Let $T:V\rightarrow V$ be a linear transformation from a real vector space $V$ of dimension $d$ to itself. We might not be able to find an eigenvector — a one-dimensional invariant subspace — but we know that we can find either a one-dimensional or a two-dimensional invariant subspace $U_1\subseteq V$. Just like before we get an action of $T$ on the quotient space $V/U_1$. Why? Because if we have two representatives $v$ and $w$ of the same vector in the quotient space, then we can write $w=v+u$. Acting by $T$, we find $Tw=Tv+Tu$. And since $Tu\in U_1$, the vectors $Tv$ and $Tw$ are again equivalent in the quotient space.

Now we can find a subspace $\hat{U}_2\subseteq V/U_1$ which is invariant under this action of $T$. Is this an invariant subspace of $V$? No, it’s not even a subspace of $V$. But we could pick some $U_2\subseteq V$ containing a unique representative for each vector in $\hat{U}_2$. For instance, we could pick a basis of $\hat{U}_2$, a representative for each basis vector, and let $U_2$ be the span of these representatives. Is this an invariant subspace? Still, the answer is no. Let’s say $u\in U_2$ is the identified representative of $\hat{u}\in\hat{U}_2$. Then all we know is that $Tu$ is a representative of $T\hat{u}$, not that it’s the identified representative. It could have some components spilling out into $U_1$.

As we proceed, picking up either a one- or two-dimensional subspace at each step, we can pick a basis of each subspace.

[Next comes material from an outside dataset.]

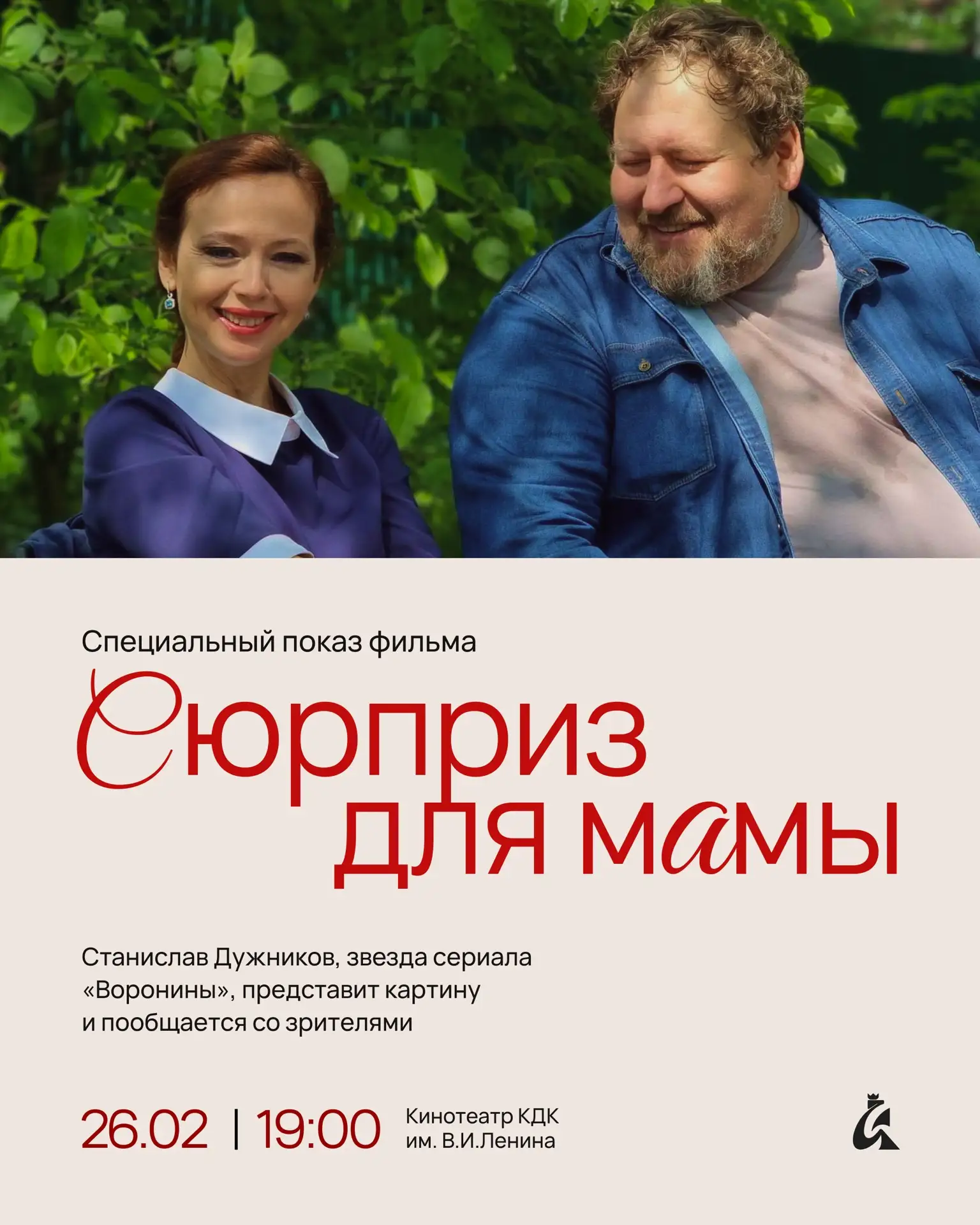 Совсем скоро в кинотеатре КДК им.В.И.Ленина состоится премьера кинофильма «Сюрприз для мамы» в главных ролях с Еленой Захаровой и Станиславом Дужниковым. Режиссер картины: Каринэ Фолиянц.

The action of $T$ sends each basis vector into the current subspace and possibly earlier subspaces. Writing it all out, we get a matrix that looks like

$\displaystyle\begin{pmatrix}A_1&&*\\&\ddots&\\{0}&&A_m\end{pmatrix}$

where each $A_j$ is either a $1\times1$ matrix or a $2\times2$ matrix with no eigenvalues. The $1\times1$ blocks come from the one-dimensional invariant subspaces in the construction, while the $2\times2$ blocks come from the two-dimensional invariant subspaces in the construction, though they may not be invariant once we put them back into $V$. Above the diagonal we have no control (yet) over the entries, but below the diagonal almost all the entries are zero. The only exceptions are in the $2\times2$ blocks, where we poke just barely down by one row.

We can note here that if there are $n\leq m$ two-dimensional blocks and $m-n$ one-dimensional blocks, then the total number of columns will be $2n+(m-n)=n+m=d$. Thus we must have at least $\lceil\frac{d}{2}\rceil$ blocks, and at most $d$ blocks. The latter extreme corresponds to an actual upper-triangular matrix.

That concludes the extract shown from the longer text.